As we have noted here over and over, the left in the context of Marxism is its own worst enemy and has plied the stale Marxist dogma system decade after decade without a murmur of critique or any sense of innovation or moving on. Such is the muddle here that the general public cannot differentiate in their minds core left Marxist socialism from the pseudo-socialism/communism of China, or North Korea! The current left is incapable of disentangling themselves from these monstrosities. It is a hopeless position, in fact, and there is no chance of reviving this dead corpse given the state of mind of Marxists who are stuck in the cultic fixation on Marx/Engels and their flawed and useless ‘historical materialism’ and ‘dialectical materialism. How is someone going to embrace a cogent and real left if one must swallow these by now archaic monstrosities. The whole field becomes the religion of uncritical followers who cannot get past boilerplate leftism with constant repetitive quotation syndrome.
The only solution is to start over and create a viable and robust ‘new socialism’ that disowns the legacy of the Marxist starting point, which we might note completely took over and monopolized the original socialists and created a closed ideology instead of an active research project. The result is immense literature that is now essentially a dead letter.
In The Last Revolution, I have tried to attempt this restart by starting over with a new formulation, one that displaces Marx/Engels to a historical promontory and reformulates the whole framework of postcapitalism, and this in the new context and crisis of climate change. This framework of ‘democratic market neo-communism’ shows how a true communism can create a sound economy, in the context of achieving classic social democratic aims as economic rights, in the context, not of state capitalism but of a Commons and a global initiative of a new International free of the Stalinist imperialism of thugs. Marxists fumbled the ball on markets, and a framework of socialist markets in the context of a Commons, along with the now maturing technologies of planning, can make a robust socialist system thrive.

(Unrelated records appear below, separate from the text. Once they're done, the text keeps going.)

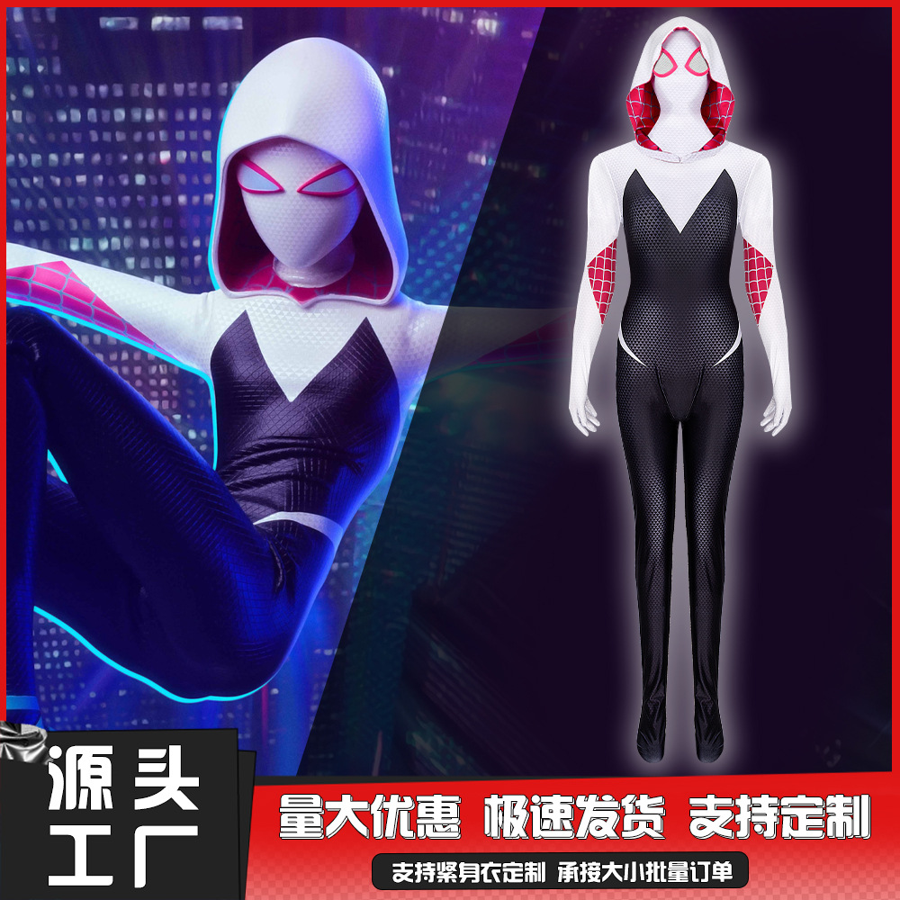グウェン スパイダーマン 女性用ジャンプスーツ 子供用 パラレル スパイダーマン コスチューム 大人用 コスプレ服
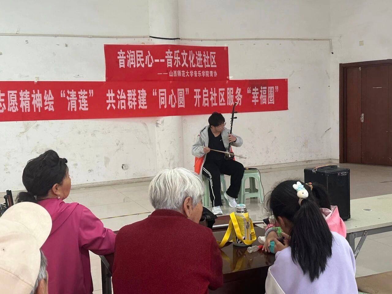 为弘扬志愿精神,丰富社区文化生活,近日,球友会青年志愿者协会联合2401班走进辰兴雅郡社区,开展"音润民心"主题活动。青年学予以音乐传递温暖,用行动践行志愿,为居民带来精彩的视听享受。
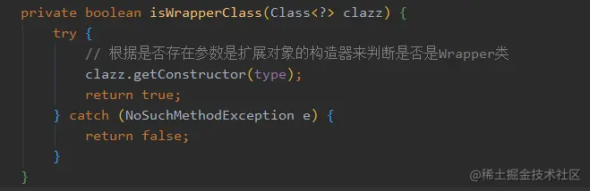 然后上面提到的 AOP 相关的 cachedWrapperClasses 就是在这里记录的,如果判断它是包装类呢?
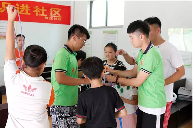 送来的学习用品和体育用品,礼物虽轻,情深意重。党委副书记王钧和团委书记焦建与孩子们进行了亲切的交谈,希望他们要从小养成的良好习惯,不管是学习还是在生活中,保持积极向上,劳逸结合,加强体育锻炼,牢记梦想。孩子们聚集在村委会的活动室里,团队成员教孩子们唱歌、画画,并一起玩游戏,孩子们学习积极性高涨。同时我们还教孩子学习新的知识,辅导暑假作业等。
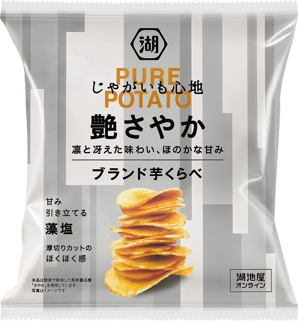 “さやか”は、その名の通り爽やかでキレのある味わいが特徴で、しっとりとなめらかな舌触りが心地よい、夏にぴったりなブランドじゃがいもです。また“さやか”は、そのなめらかな舌触りからポテトサラダなどに使われる品種であり、油で揚げるには加工のハードルが高く、ポテトチップスには向いていないと言われてきましたが、湖池屋が培ってきた技術をつぎ込み、このブランド芋のキレのある味わいと甘みをポテトチップスとして実現しました。
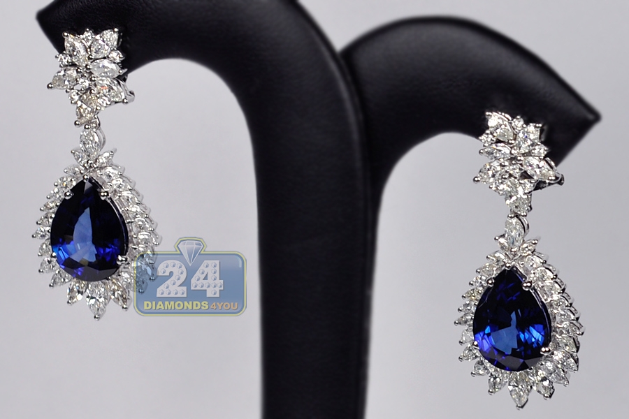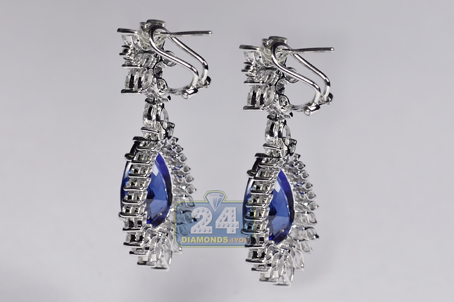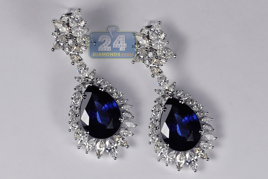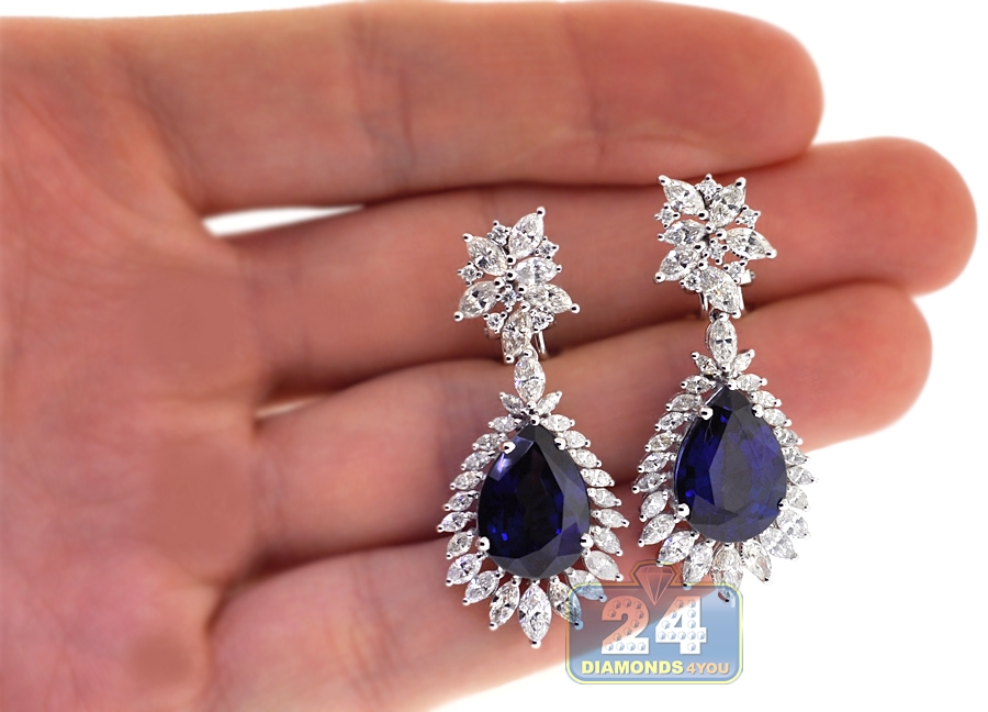 18K White Gold 22.04 ct Blue Sapphire Diamond Drop Earrings

The_Last_Revolution_Postcapitalist Futures_ ED4_2_26_23
The public cannot embrace a ‘real socialism’ because they have never been given any real platform to that effect; small wonder it balks at anything beyond the welfare state version.
Marx and Engels fit very well into their own time and place and produced a vibrant cascade of global influence in the Second International. But the Leninist Bolshevism revealed at once the limitations of Marxist thinking and showed how easily, almost inexorably, it could slip into dictatorship. The idea of the dictatorship of the proletariat, a term forever confusing, has to be one of the worst ideas ever proposed for socialism, granting that its original meaning has been lost. Marx was a very dominating figure and completely eliminated all dissent in his limited framework. The classic Manifesto is all that is needed (although that work is itself flawed) while texts like Capital are hopelessly confusing with their half-baked ‘theories’.
Social democracy isn’t enough, and we can see how even that has been successfully marginalized by capitalists.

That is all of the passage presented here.